--- DATA SHOWN Enclosed Below ---

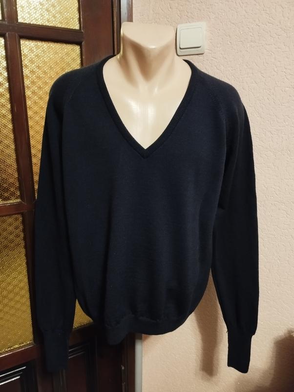 Светер чоловічий дуже гарної якості,теплий на розмір L 48розмір. 80%натуральна шерсть,20%,нейлон. Колір темно-синій насичений. Якісна в'язка середньої щільності,приємний на дотик. У-подібний виріз горловини,на сорочку. Якісні манжети. Рукава закладаються на манжет. Стан відмінний,нової речі,без дефектів та слідів ношення. Крій рукавів регланом. Заміри:довжина рукава від горловини-80см. Пог-54см. Ширина по низу манжета светра-37см. Довжина по спинці-68см. Без торгу.
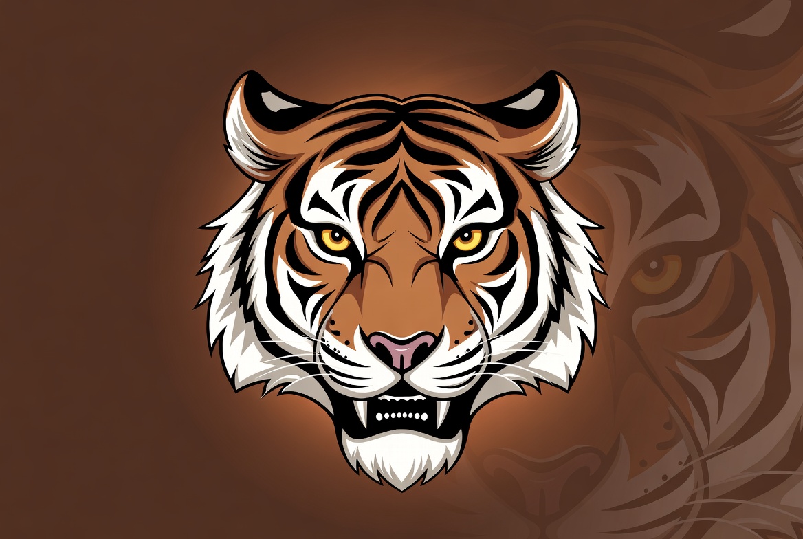 A detailed digital illustration of a tiger's face with intense yellow eyes and sharp fangs. The tiger features bold orange and black stripes on a brown gradient background. White fur accents highlight the muzzle and ears.
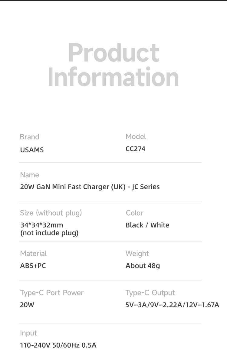 CC274 20W GaN Mini Fast Charger (UK) - JC Series
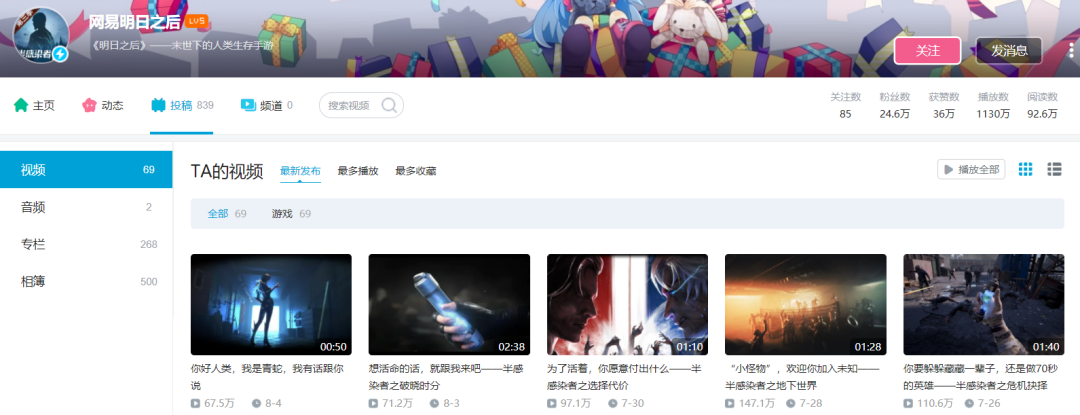 值得一提的是,《明日之后》在新资料片上线后取得了出色成绩,但并不让人感到特别意外。这是因为早在7月初的预热阶段,随着全新概念“半感染者”的公布,就引起了各大网络社区热烈讨论与二次传播。以《明日之后》B站官方号为例,在此期间就有三部宣传片突破100万播放量,另有多部视频突破50万。
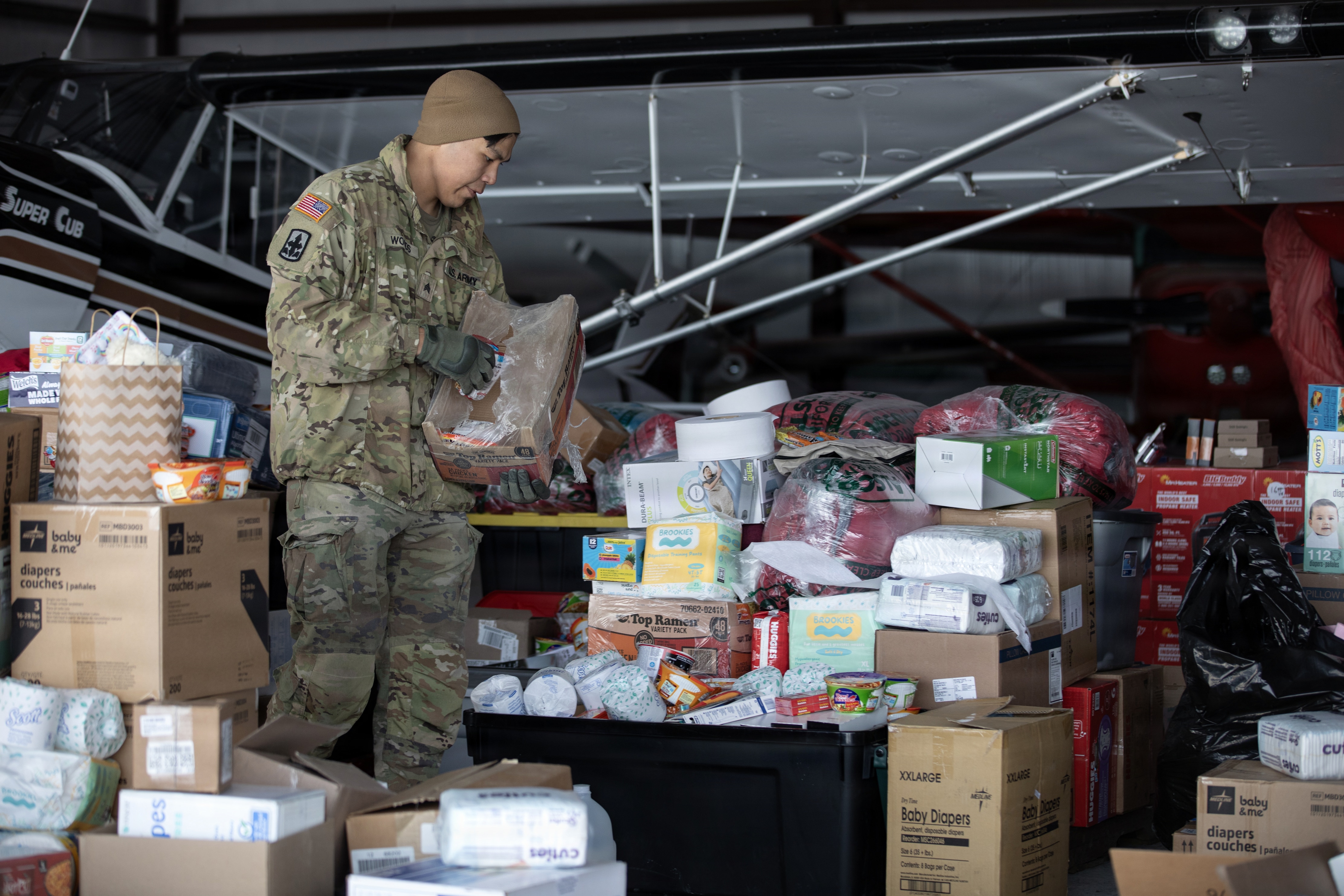 Alaska Organized Militia members, assigned to Task Force Bethel, sort donated relief supplies at the Bethel, Alaska, during post-storm recovery efforts for Operation Halong Response, Oct. 27, 2025. AKOM members, including Alaska Air and Army National Guardsmen and members of the Alaska Naval Militia and Alaska State Defense Force, continue coordinated response operations in support of the State Emergency Operations Center following Typhoon Halong. (Alaska National Guard photo by Pfc. Azavyon McFarland)

--- End of Enclosed DATA SHOWN ---

EXERCISE GOAL: Without the pictures, write out every entry precisely as it appears.

FINAL ANSWER:
 Светер чоловічий дуже гарної якості,теплий на розмір L 48розмір. 80%натуральна шерсть,20%,нейлон. Колір темно-синій насичений. Якісна в'язка середньої щільності,приємний на дотик. У-подібний виріз горловини,на сорочку. Якісні манжети. Рукава закладаються на манжет. Стан відмінний,нової речі,без дефектів та слідів ношення. Крій рукавів регланом. Заміри:довжина рукава від горловини-80см. Пог-54см. Ширина по низу манжета светра-37см. Довжина по спинці-68см. Без торгу.
 A detailed digital illustration of a tiger's face with intense yellow eyes and sharp fangs. The tiger features bold orange and black stripes on a brown gradient background. White fur accents highlight the muzzle and ears.
 CC274 20W GaN Mini Fast Charger (UK) - JC Series
 值得一提的是,《明日之后》在新资料片上线后取得了出色成绩,但并不让人感到特别意外。这是因为早在7月初的预热阶段,随着全新概念“半感染者”的公布,就引起了各大网络社区热烈讨论与二次传播。以《明日之后》B站官方号为例,在此期间就有三部宣传片突破100万播放量,另有多部视频突破50万。
 Alaska Organized Militia members, assigned to Task Force Bethel, sort donated relief supplies at the Bethel, Alaska, during post-storm recovery efforts for Operation Halong Response, Oct. 27, 2025. AKOM members, including Alaska Air and Army National Guardsmen and members of the Alaska Naval Militia and Alaska State Defense Force, continue coordinated response operations in support of the State Emergency Operations Center following Typhoon Halong. (Alaska National Guard photo by Pfc. Azavyon McFarland)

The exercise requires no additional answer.